For a representative legacy and deployed system, we choose a general-purpose development board for the Altera Cyclone III FPGA EP3C5E144C8 as the target device. The FPGA chip is designed for low-cost, small-scale applications. We choose the EM side-channel, which is much more convenient to measure than power consumption. Preliminary test on the chip shows that it is not EM-shielded, which eases our experiment. We implement one SoC on the FPGA at



Fig. 2. Experimental setup and an example of a recorded result

a time in the way that the only observable I/O is a parallel peripheral I/O (the memory chip on the development board is not used). Two different chips (i.e., boards) of the same model are used, one for profiling and another for testing.

We find that several positions on the board emit strong EM signals of similar waveform. We have tried both far-field and near-field measurements of EM radiation, and obtained the best result from near-field measurements with a shielded loop probe similar to the EMC probe in [48]. The probe measures the global radiation of the FPGA chip. The resulting setup, with the probe position near one of the power regulators, is shown in Fig. 2a.
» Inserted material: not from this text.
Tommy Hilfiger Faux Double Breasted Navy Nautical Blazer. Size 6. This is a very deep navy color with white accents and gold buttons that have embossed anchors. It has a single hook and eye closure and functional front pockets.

The output is amplified by a 20 dB amplifier with bandwidth from  $1\,\mathrm{kHz}$  to  $1\,\mathrm{GHz}$ , and then is sampled by a PicoScope 5244B oscilloscope, which has a 200 MHz bandwidth and a maximally  $500\,\mathrm{MS/s}$  sample rate for each channel. We use the 20 MHz integrated hardware filter of the oscilloscope to avoid aliasing. The processor core clock frequency therefore should be set far lower – we set it to  $1\,\mathrm{MHz}$ . Our results should be repeatable at higher frequencies using more costly oscilloscopes supporting higher bandwidths. The position and orientation of the probe is then adjusted to gain signals of the maximal signal-to-noise ratio (SNR). Probe location is re-adjusted for each SoC. The resulting SNR of the EM traces, computed by the ratio of the variance of the signal and noise, is around  $15\,\mathrm{dB}$ . A typical single-captured waveform is shown in Fig. 2b.
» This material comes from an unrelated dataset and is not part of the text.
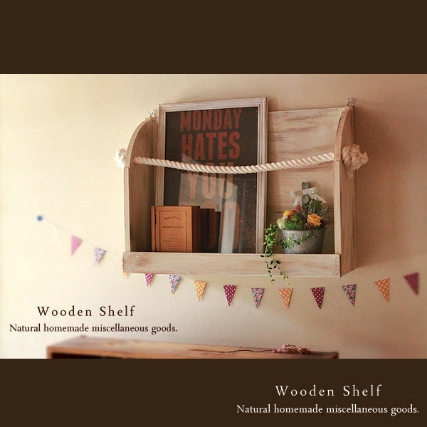 - [送料無料]ハンドメイド アンティーク風 紐付き ウォールシェルフ ホワイト

We have intentionally used low-cost signal acquisition and analysis equipment in order to show that verification of low-end legacy systems can be accomplished with only modest resources. The most costly component in our experiment setup is the off-the-shelf USB oscilloscope, at about \$2,000; putting the total system cost at under \$2,100. Combining all components into a single "software integrity measurement device" and manufacturing at scale is likely to further reduce costs.

# 5 The Test Code and SoC Test Targets

We evaluate our approach on three SoCs, implemented in turn on our FPGA test-bed: a NIOS II-based system capable of running an operating system; a simpler NIOS II-based system with a more constrained resource configuration; and an OpenMSP430-based system that is also operating system-capable.

### 5.1 System A: NIOS II-Based SoC

Our first experiment is on a NIOS II-based SoC. NIOS II is a general-purpose 32-bit RISC soft processor core from Altera [4]. We chose the NIOS II/e Quartus II 13.1 web edition (the latest edition for the target FPGA). NIOS II/e is designed for simple control logic applications and/or inexpensive systems. It supports over a hundred instruction operations, executed in a variable number of clock cycles, ranging from six to 38. (Our experiments show it is actually seven to 39, contrary to specifications.) The HDL source is not available, and the processor offers only limited configurability. It does not support different operating modes or memory protection, so modern security mechanisms that rely on processor-enforced separation cannot be used.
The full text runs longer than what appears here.